Не знаете? Ну так и пошли бы все с вашей революцией…
Котов повеселел, на душе полегчало.
Трудов и трудностей всяких будущее обещало массу, так и что с того? Когда это трудовому человеку легко жилось?
Коллективизация ещё эта…
Ну если верить Авинову, то минуют крестьян колхозы. Если белые победят.
Тут Степан озлился. Да по хрену ему, кто кого на этой дурацкой Гражданской бойне!
Оставьте его в покое все! Хватит с него, натерпелся.
— Ваши документы!
Голос грянул как гром с небес.
Вздрогнув, Котов обнаружил рядом с собой двух полицейских.
В сторонке пританцовывали кони троих казаков, стерёгших невеликую толпу молодых, растерянных парней.
— Нету у меня документов, — буркнул Степан.
— Имя? Фамилия? — невозмутимо спросил городовой.
— Степан Котов.
— Где проживаете?
— Нездешние мы.
— Родители где?
— Померли.
— Сочувствую, — сухо сказал полицейский и сделал жест рукой в вязаной перчатке. — Пожалуйте в армию, господин Котов. Хорунжий! На вокзал всех…
Котов до того растерялся, что даже не подумал о сопротивлении, о бегстве. Да и сбежать от казаков — это уметь надо.
Не догонят, так пристрелят, с них станется…

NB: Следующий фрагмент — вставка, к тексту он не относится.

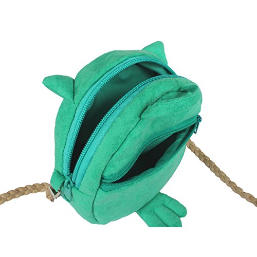 -. Feature : Material: Cotton flannel Color:Green / Dimensions: Backpack,9.4" x 3.1" x 11";24 L x 8 W x 28 H CM;Shoulder purse bag,5.5" x 2.3" x 6.6";14 L x 6 W x 17 H CM / Super cute animal backpack school bag and Shoulder purse bag for girls, with lovely little plush doll design .Fashionable, light-weight, soft and colorful, a perfect gift for your kids / Have enough apace for children's things, like toys, foods, fruits, small books, pens, etc / With adjustable straps to fit your kids' need, suitable for many occasions, like a trip to the zoo, playing at the park, travelling and other outdoor activities
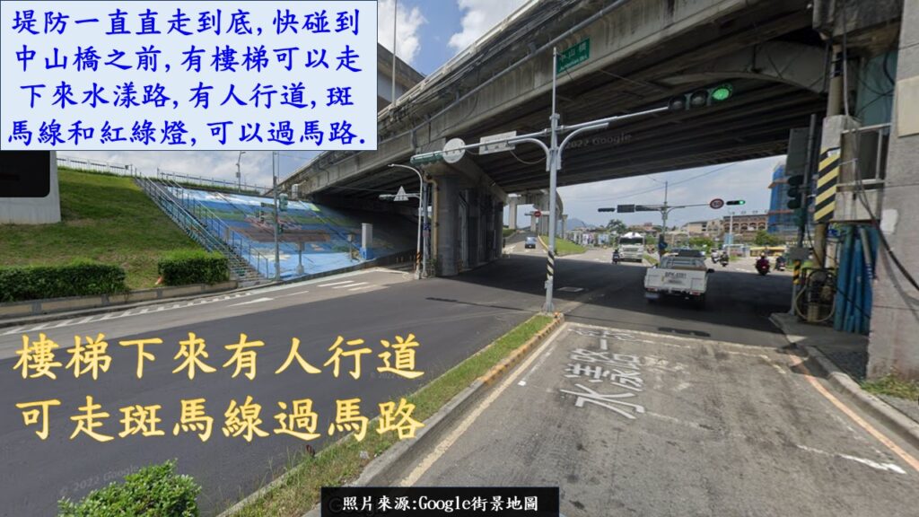 一邊看著公園裡的各種有趣的景象,一邊散步在堤防上,一直走到底,在快到中山橋那邊,會有一個往水漾路的樓梯,走到水漾路再彎進中孝路三段,不一會功夫,就到了RiVER PARK.看一看手錶,大約步行大約12分鐘左右,就能到RiVER PARK.

На вокзале таких, как он, новобранцев толпилось столько, что на батальон хватило бы.
Парни городские и крестьянские выстроились в четыре длинных очереди, медленно двигаясь к столам, где корпели над бумагами писари. За их спинами расхаживали офицеры.
Зачисленные тут же, в зале ожидания, получали обмундирование — и бельё, и форму из тёмно-зелёного сукна, и валенки, и шинель тёплую, и папаху, и ремень. Только оружия не давали.
Подошла очередь Котова.
Писарь аккуратно заполнил бумаги, оформил всё как полагается, и Степан шагнул к интендантам. А что ещё делать прикажете?

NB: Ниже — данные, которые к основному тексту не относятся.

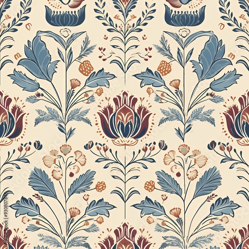 Floral pattern featuring intricate botanical designs in blue, red, and beige.

Оделся, обулся, всё как полагается, не торопясь, с толком, с чувством, с расстановкой.
Один из офицеров, довольно молодой — едва за тридцать — капитан, невысокий, но крепкий, с лицом простым и благодушным, с чёрной бородкой клинышком, разговаривал с поручиком из штабных.
Тот ему пополнение привёл из гимназистов и студентов, а капитан вежливо, не без раздражения отказывался, сильно картавя:
— Это какой же-с солдат! Это-с не солдат, а, извините, гусская интеллигенция! Нет уж, благодарю: я уж пополнюсь моим земляком…
Похлопывая стеком по сапогам, он остановился перед Котовым.
— Степан вгоде? — спросил офицер, сильно картавя.
— Так точно.
— Откуда сам? Из каковских?
— Из Орловской губернии, ваше высокоблагородие, деревня Добрики.
— Мать, отец есть?
— Померли. Я ещё мальцом был, когда мы в Москву подались. Отец на завод устроился, да пить пристрастился. Вот по пьяному-то делу и сгиб. А тут и мать запила. Замёрзла зимою.